I was born and raised on the Gulf Coast of Texas where the cattle have a little more ear (Brahman) and almost everyone has a little Cajun in them.  My family often spent Sunday afternoons crawfishing, crabbing or we bought fresh shrimp right off the boats in the bay.  This is a family favorite I’d thought I’d share on this Meaty Monday-Etouffee.  We prefer it with crawfish but you can use shrimp or even chicken if the thought of crawfish scares you.


1-2 lbs of shrimp or crawfish.

1 stick of butter per lb of shrimp or crawfish

1 bunch of finely chopped green onion

1 diced bell pepper

1 bunch of chopped parsley

1 sm can of tomato sauce

1 can if italian diced tomatoes

Several tablespoons of flour

Cayenne pepper to taste.

I got these crawfish at Brookshire’s but I have seen them at Wal-Mart near here too.  I have bought the already seasoned ones too but I thought they seemed salty.  You can use pre-cooked shrimp or crawfish too but fresh is best!!

In a Skillet or pot melt the butter. Add gr. onion, bell pepper and parsley (note:  I use kitchen shears to cut up the parsley-remove larger stems) Saute veggies until done.

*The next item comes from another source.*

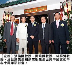 在十年前提出成立中國文化中心的張教授致辭時表示:「成立中國文化中心的願望在十年前變成事實,到了今天,中國文化中心已十分成功,並深具意義。」他特別感謝鄭教授和中心助理主任馬家輝博士多年的努力,為中心建立國際聲譽。

Add shrimp or crawfish.

Cook about 5 minutes until the shrimp/crawfish are done.  Add Cayenne pepper to taste-remember a little goes a long way!  I sometimes use a little Lawry’s seasoned salt or Cavender’s at this point too.

Stir in tomato sauce and italian diced tomatoes-don’t drain.

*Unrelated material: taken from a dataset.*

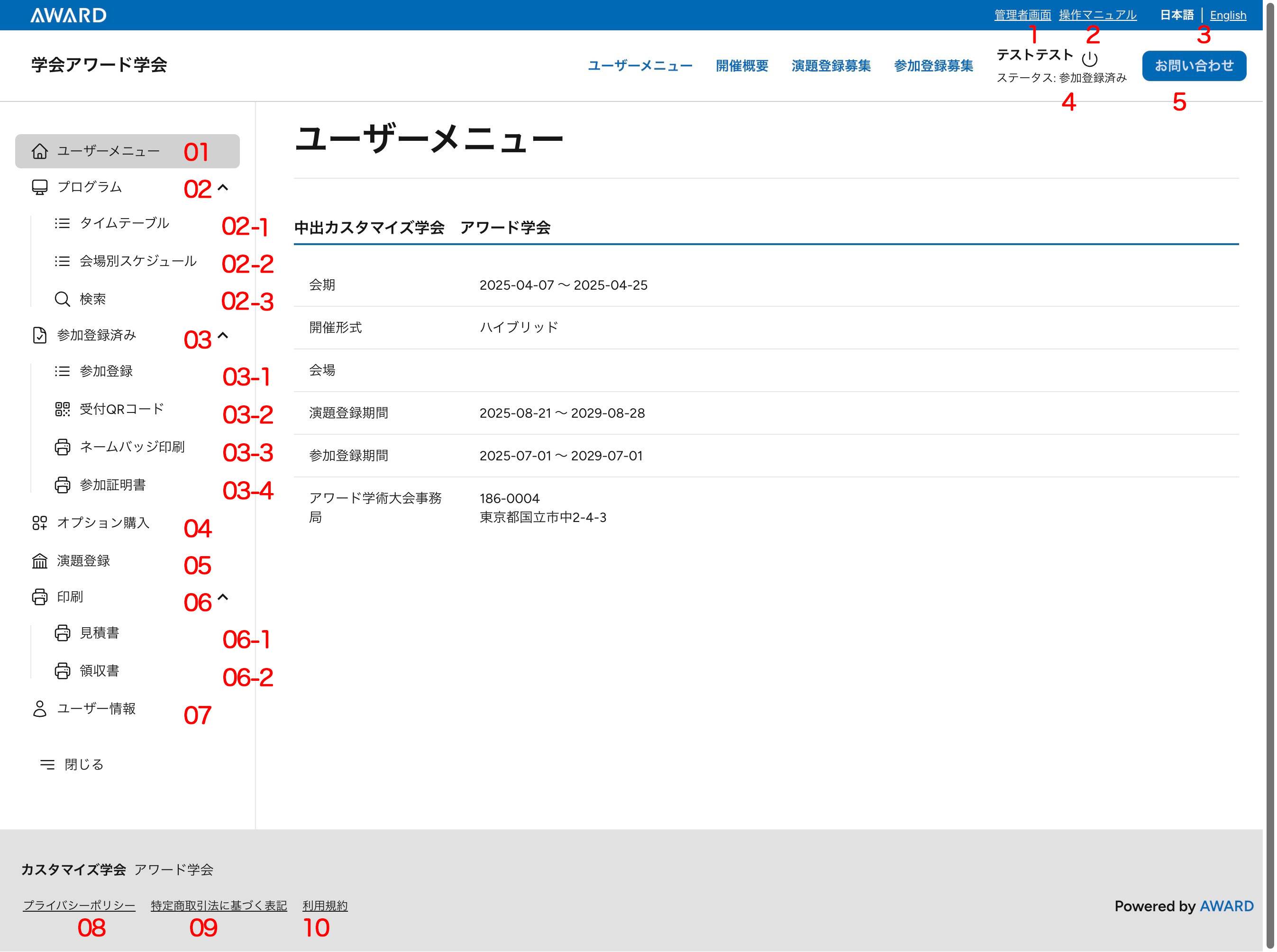 03 | 参加登録済み | 03-1〜4のメニューが表示されます。 参加登録入金完了前は「参加登録」と表示され「03-1」~「03-7」のメニューは表示されません。入金確認後、表示されます。 |

Sprinkle mixture with 1 tablespoon of flour at a time and stir until it reaches desired thickness.  For me, usually 2 or 3 is enough.  Taste and see if it is hot enough for you…if not add some more cayenne-be careful!!

Yum!  Looks and smells wonderful.  Serve over rice- I just use the easy and quick boil in a bag kind.  I like to serve with crusty french bread slices topped with butter and garlic & toasted in the oven.